Concierto económico y financiación autonómica
















Hace unos días el president de la Generalitat Valenciana, Ximo Puig, inquietó a mucha gente reclamando la revisión de los cupos vascos y navarro producto de los conciertos económicos vigentes en esas comunidades. La propuesta se enmarca en la que es la prioridad principal del gobierno de la Generalitat Valenciana, la revisión del sistema de financiación autonómica, ya que la Comunitat sufre una situación que parece anómala: Tiene un PIB por debajo de la media y, sin embargo, es aportadora neta al sistema, siendo la que recibe menor financiación por habitante.
La revisión del sistema de financiación autonómico es algo que evidentemente afecta a todas las CCAA. Para que la Comunidad Valenciana reciba más alguien debe recibir menos en comparación con la situación anterior, y ese es el problema básico para su revisión. En un país que vive en los agravios y en la cultura de la queja, cualquier pérdida de financiación, por justificada que esté, generará un problema con el perdedor. Por eso Puig apunta hacia los más privilegiados del sistema, los territorios forales, que bajo cualquier punto de vista pagan menos de lo que deberían.

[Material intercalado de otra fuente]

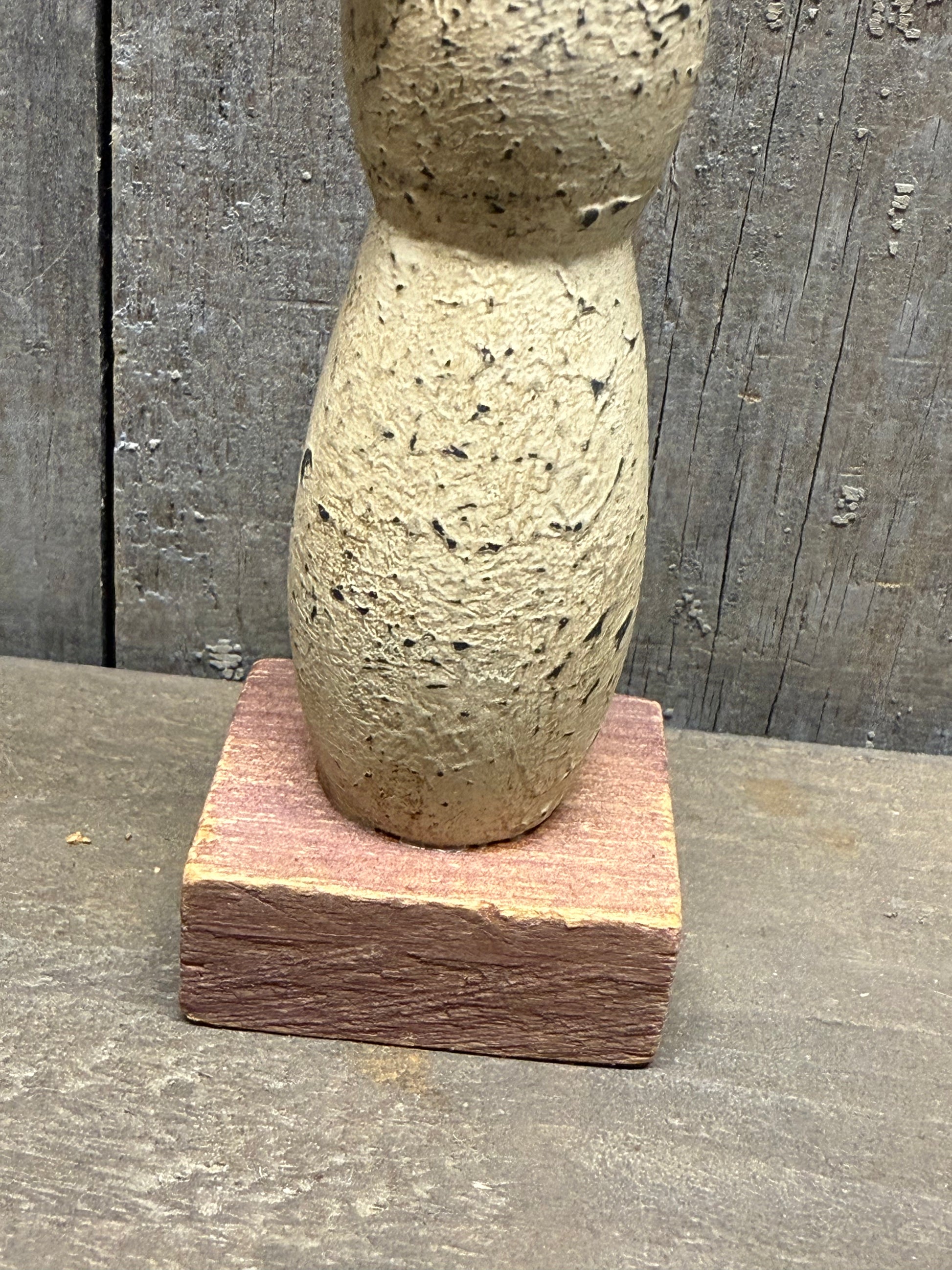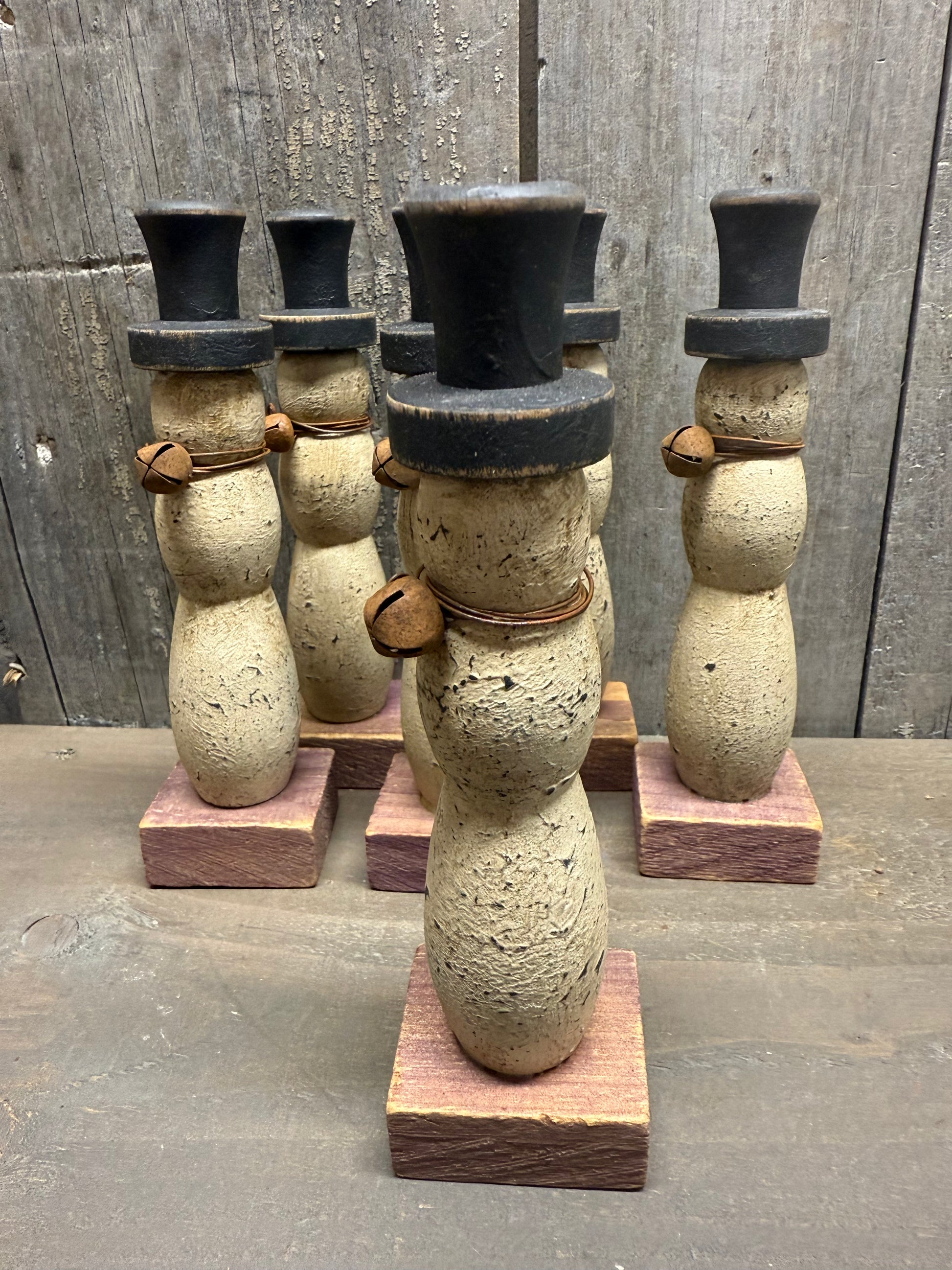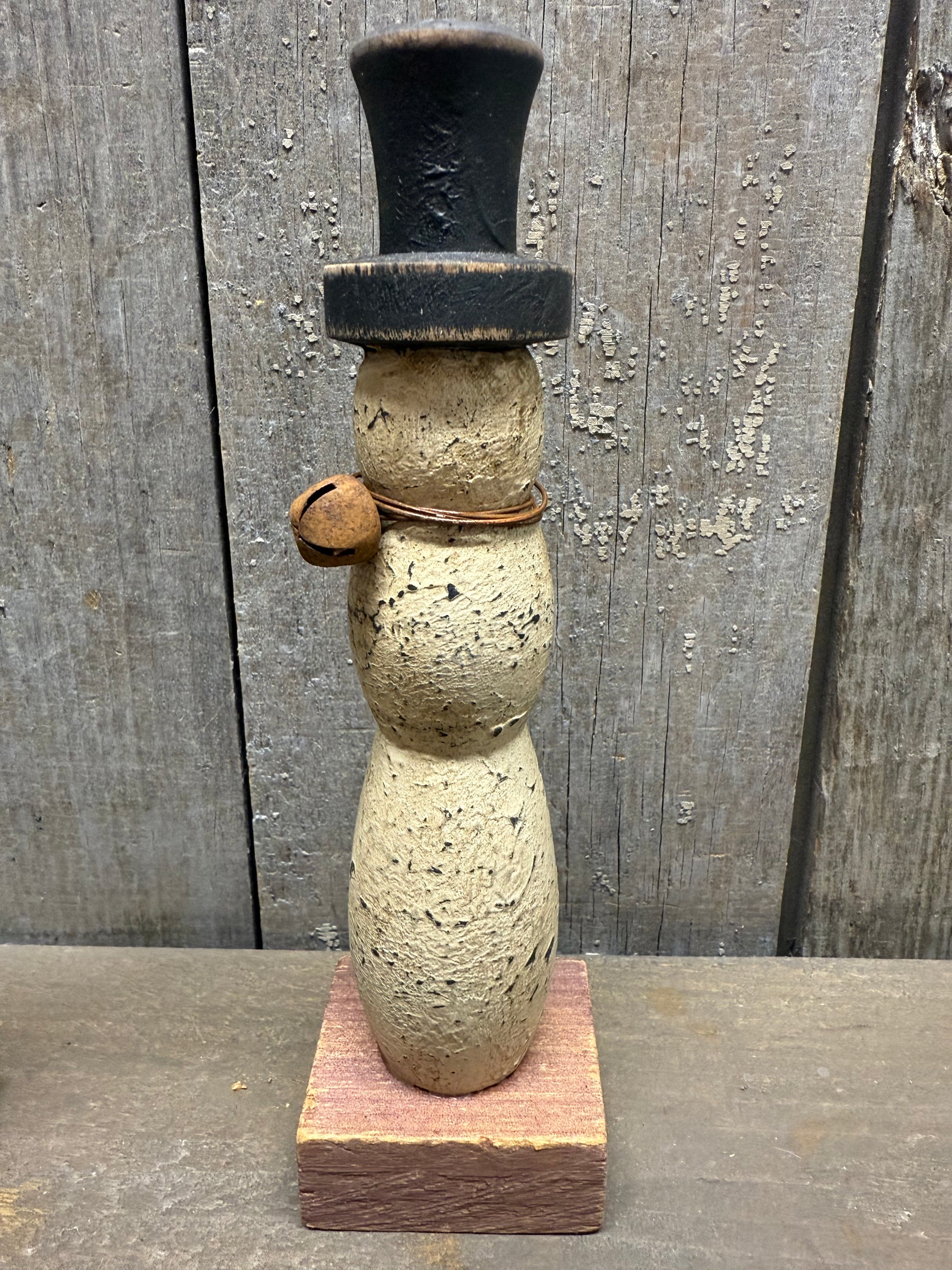 SLIM...snowman on toy block, 6.5" tall. Blocks have been played with and some of the paint may be worn and faded. He has a rusty wire scarf and a tiny bell. Just like we like them! Block measures 1.75"x 1.5"
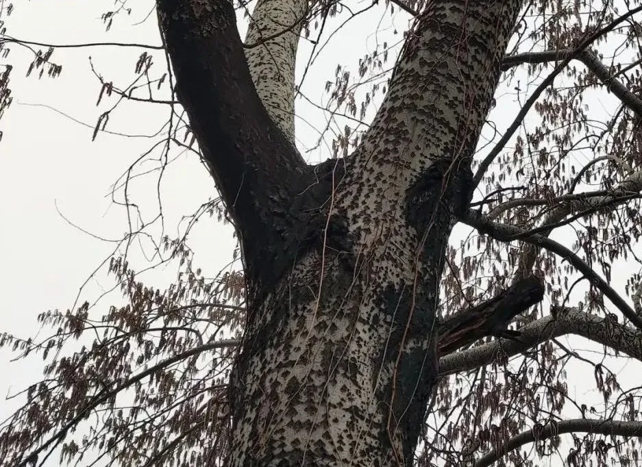 如何分辨雌雄杨树呢?可以看花穗。雄树的花期要比雌树早,雄树先开花。雄树的花朵就像毛毛虫一样,而雌树的花朵是由很多个小花组成的穗状花序。总体来说,雄树花穗比雌树更长些。另外可以看树皮,杨树雄株树皮粗糙、皮孔粗大,雌株树皮相对比较光滑。简言之,“男糙女光”。

El “problema” con el concierto económico y el cupo de los territorios forales no es nuevo. Ya durante la segunda república los técnicos del gobierno del Frente Popular propusieron que se otorgase un estatuto de autonomía al País Vasco a cambio de acabar con el concierto económico, pues ya entonces se consideraba que los vascos pagaban menos de lo que deberían pagar. Durante la transición, una vez restablecido el concierto económico de las “provincias traidoras” de Vizcaya y Guipúzcoa, el sistema se mantuvo y los partidos principales (UDC, PSOE y PP) no osaron tocarlo. La verdad es que es una situación extraordinariamente curiosa para un concierto que fue ideado como algo transitorio que iba a tener una vigencia de 8 años, pues ya lleva 137 años y sin visos de cambiar.
El concierto se ha mantenido hasta hoy en día fundamentalmente por tres causas. La primera es la tradición, el mantenimiento de un sistema ya hecho y que evita tener que cambiar nada. La segunda es que los territorios a los que afecta el concierto, País Vasco y Navarra, son relativamente pequeños y, por tanto, las consecuencias económicas del concierto (de perjuicio para el resto de comunidades) son sostenibles. Pero también hay una tercera causa que es fundamental, y es que el concierto sirve como “dique” para contener el independentismo en Euskadi. Los vascos viven en una situación de privilegio fiscal evidente y eso evita una confrontación frontal con el estado. Si el estado fuese justo se revocaría el concierto (cambiando la constitución) y se introduciría a los territorios forales dentro del régimen general, es lo que indica la lógica progresista e igualitarista, pero el concierto crea una especie de “equilibrio” de no agresión, donde una parte no se excede en sus demandas y la otra mantiene una situación de privilegio indefinidamente.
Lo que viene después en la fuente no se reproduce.